▶ What you are asked to do
Repeat everything in the data exactly except images.

---- The data

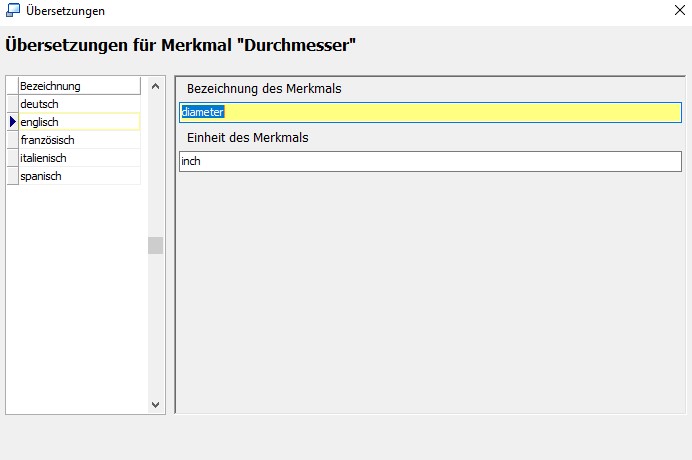 Wählen Sie wieder die benötigte Sprache auf der linken Seite aus und hinterlegen Sie die Übersetzung für das Merkmal und deren Einheit an.
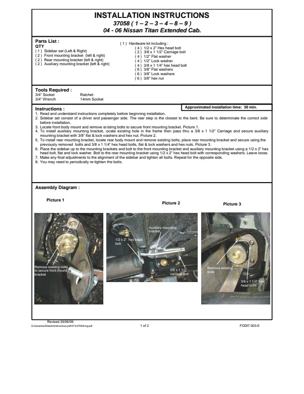 Side bars, mounting brackets, Side bars, mounting brackets |
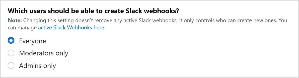 Specify which roles are allowed to create Slack webhooks (notifications) by selecting the appropriate radio button. Changing this setting doesn’t remove any active Slack webhooks—it only controls who can create new webhooks.
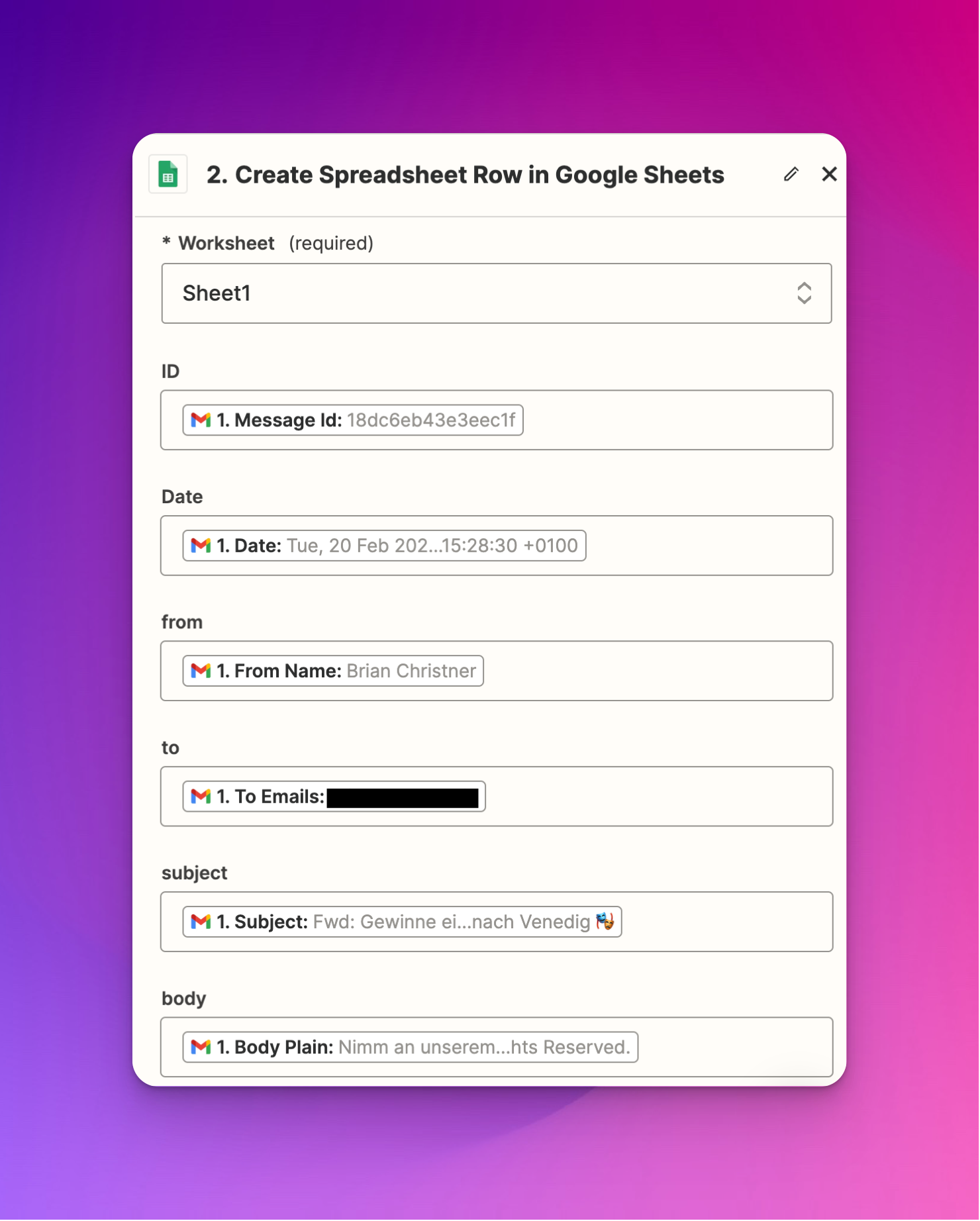 The Google Sheet is ready. Next, we will map the Gmail email fields to the Google Sheet columns.

--------

▶ Solved problem
 Wählen Sie wieder die benötigte Sprache auf der linken Seite aus und hinterlegen Sie die Übersetzung für das Merkmal und deren Einheit an.
 Side bars, mounting brackets, Side bars, mounting brackets |
 Specify which roles are allowed to create Slack webhooks (notifications) by selecting the appropriate radio button. Changing this setting doesn’t remove any active Slack webhooks—it only controls who can create new webhooks.
 The Google Sheet is ready. Next, we will map the Gmail email fields to the Google Sheet columns.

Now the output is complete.